Though not all telescopic cranes are mobile cranes, many of them are truck-mounted.
A telescopic tower crane has a telescopic mast and a superstructure (jib) on top so that it functions as a tower crane. Some telescopic tower cranes also have a telescopic jib.
The “hammerhead”, or giant cantilever, crane is a fixed-jib crane consisting of a steel-braced tower on which revolves a large, horizontal, double cantilever; the forward part of this cantilever or jib carries the lifting trolley, the jib is extended backwards in order to form a support for the machinery and counterbalancing weight. In addition to the motions of lifting and revolving, there is provided a so-called “racking” motion, by which the lifting trolley, with the load suspended, can be moved in and out along the jib without altering the level of the load. Such horizontal movement of the load is a marked feature of later crane design. These cranes are generally constructed in large sizes and can weigh up to 350 tons.

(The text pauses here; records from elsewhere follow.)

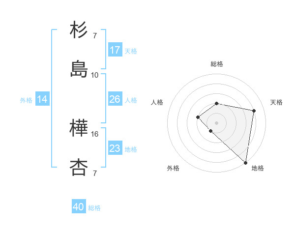 杉島 樺杏さんの総格は40画の2点!
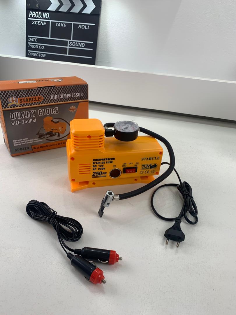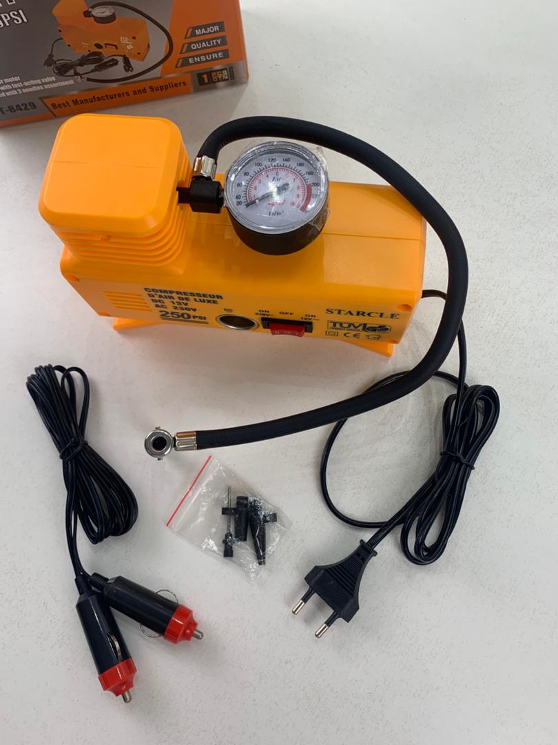 🔹 ضغط أقصى: 250 PSI 🔹 يعمل على 12V (ولاعة السيارة) و230V (مقبس حائط) 🔹 مقياس ضغط مدمج لضبط دقيق 🔹 تصميم صغير وسهل الحمل 🔹 عملية نفخ سهلة وسريعة في أي وقت
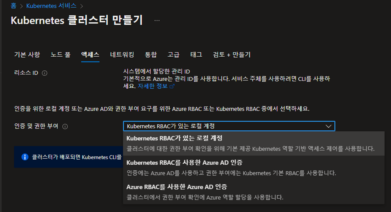 Azure Portal에서 클러스터를 만들거나 Azure CLI를 사용할 수 있습니다.
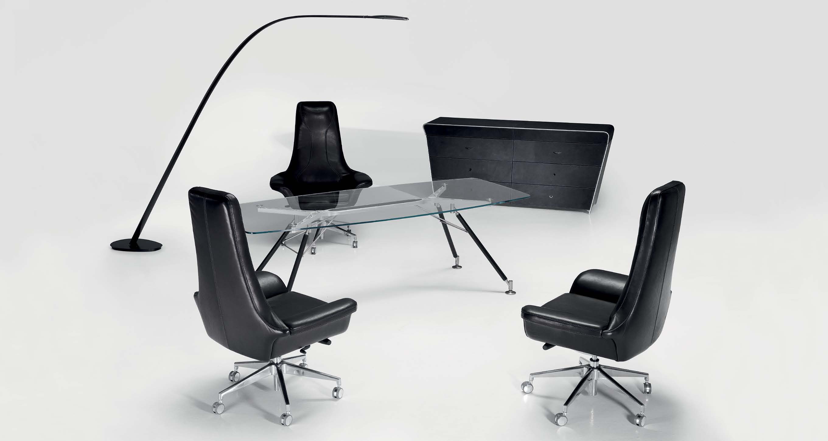 The office (Suite office) V049, V008 from the Italian manufacturer Formitalia. Glass top, metal legs in leather upholstery as well as other finish options. A chair on metal base, upholstery - leather. Offers a wide range of colors.
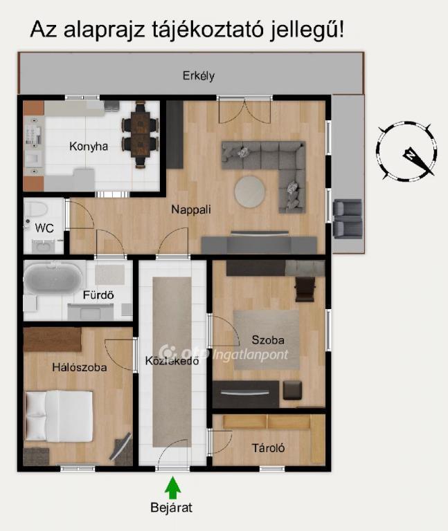 A fűtést cirkó rendszer biztosítja, a rezsi kb. 30 000 Ft, a közös költség 20 800 Ft. A lakás tehermentes, 1/1 tulajdonban van, hitelezhető. A vételár a bútorokat is tartalmazza, így az ingatlan teljes berendezéssel együtt azonnal költözhető.
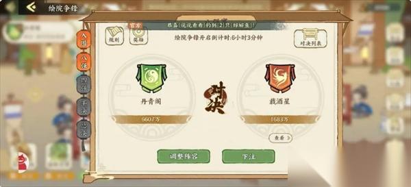 下注可以赚1000元宝,这个基本没有什么悬念,可以说是白送的。但是,谨防有绘院没布阵没职位还没打。
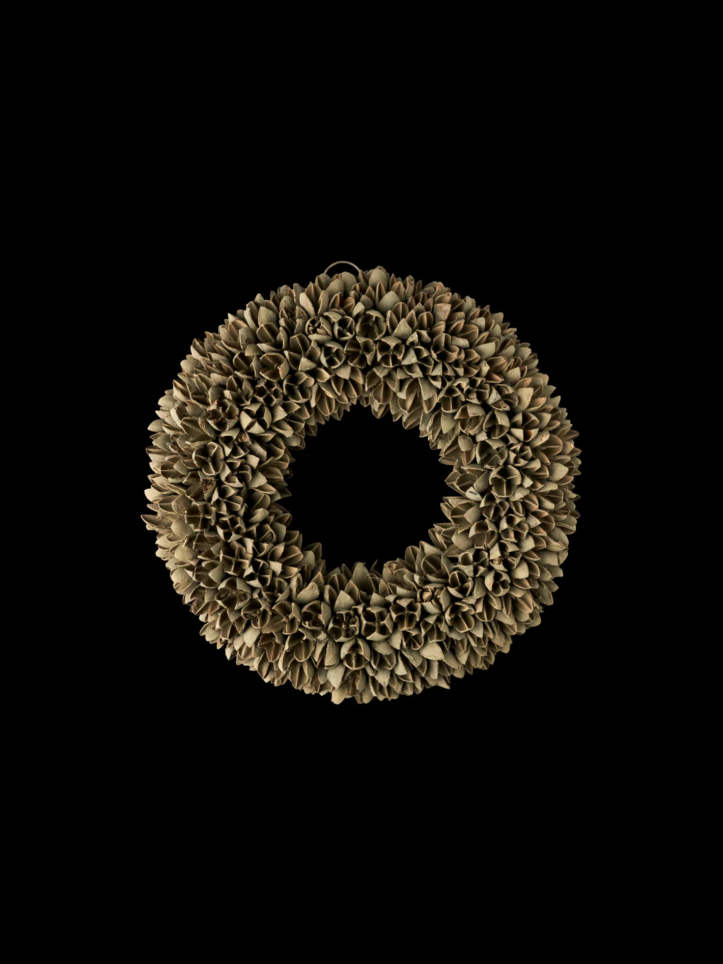 Denne fine krans fra det hollandske mærke Couronne er lavet af farvede bakulibælge og kokosfibre. Hæng den på en dør eller i et vindue for at få et element af natur i Deres indretning, eller skab en dekoration med LED-lys for at løfte Deres borddækning.Søstrene gør venligst opmærksom på, at dette er et naturmateriale, hvorfor produktet kan variere en smule i farve og udtryk.

The design of hammerkran evolved first in Germany around the turn of the 19th century and was adopted and developed for use in British shipyards to support the battleship construction program from 1904 to 1914. The ability of the hammerhead crane to lift heavy weights was useful for installing large pieces of battleships such as armour plate and gun barrels. Giant cantilever cranes were also installed in naval shipyards in Japan and in the United States. The British government also installed a giant cantilever crane at the Singapore Naval Base (1938) and later a copy of the crane was installed at Garden Island Naval Dockyard in Sydney (1951). These cranes provided repair support for the battle fleet operating far from Great Britain.
In the British Empire, the engineering firm Sir William Arrol & Co Ltd was the principal manufacturer of giant cantilever cranes; the company built a total of fourteen. Among the sixty built in the world, few remain; seven in England and Scotland of about fifteen worldwide.
The Titan Clydebank is one of the 4 Scottish cranes on the Clydebank and preserved as a tourist attraction.